Instructions to follow:
The output is the line holding "Quiberville Pècheur Collection" and all lines after it to the end of the records below; restate them unchanged and add nothing.

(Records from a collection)

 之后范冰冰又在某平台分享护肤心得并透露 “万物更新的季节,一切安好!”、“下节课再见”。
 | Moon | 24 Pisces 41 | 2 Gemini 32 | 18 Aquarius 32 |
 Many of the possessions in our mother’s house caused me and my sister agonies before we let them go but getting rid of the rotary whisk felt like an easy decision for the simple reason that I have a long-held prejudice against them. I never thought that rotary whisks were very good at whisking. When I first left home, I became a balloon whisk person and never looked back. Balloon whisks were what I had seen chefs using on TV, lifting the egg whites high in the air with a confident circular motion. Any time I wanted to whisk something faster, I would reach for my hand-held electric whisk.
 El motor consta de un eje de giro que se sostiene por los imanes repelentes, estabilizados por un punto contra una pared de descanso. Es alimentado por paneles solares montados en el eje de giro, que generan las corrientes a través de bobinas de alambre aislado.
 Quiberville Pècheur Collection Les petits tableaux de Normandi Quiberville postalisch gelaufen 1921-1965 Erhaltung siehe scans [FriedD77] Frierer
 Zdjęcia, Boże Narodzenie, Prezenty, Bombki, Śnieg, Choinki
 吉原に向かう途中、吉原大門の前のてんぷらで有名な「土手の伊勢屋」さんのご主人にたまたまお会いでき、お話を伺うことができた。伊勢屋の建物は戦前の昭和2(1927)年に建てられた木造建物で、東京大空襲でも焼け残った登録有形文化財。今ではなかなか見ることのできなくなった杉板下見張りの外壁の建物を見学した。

Solution:
 Quiberville Pècheur Collection Les petits tableaux de Normandi Quiberville postalisch gelaufen 1921-1965 Erhaltung siehe scans [FriedD77] Frierer
 Zdjęcia, Boże Narodzenie, Prezenty, Bombki, Śnieg, Choinki
 吉原に向かう途中、吉原大門の前のてんぷらで有名な「土手の伊勢屋」さんのご主人にたまたまお会いでき、お話を伺うことができた。伊勢屋の建物は戦前の昭和2(1927)年に建てられた木造建物で、東京大空襲でも焼け残った登録有形文化財。今ではなかなか見ることのできなくなった杉板下見張りの外壁の建物を見学した。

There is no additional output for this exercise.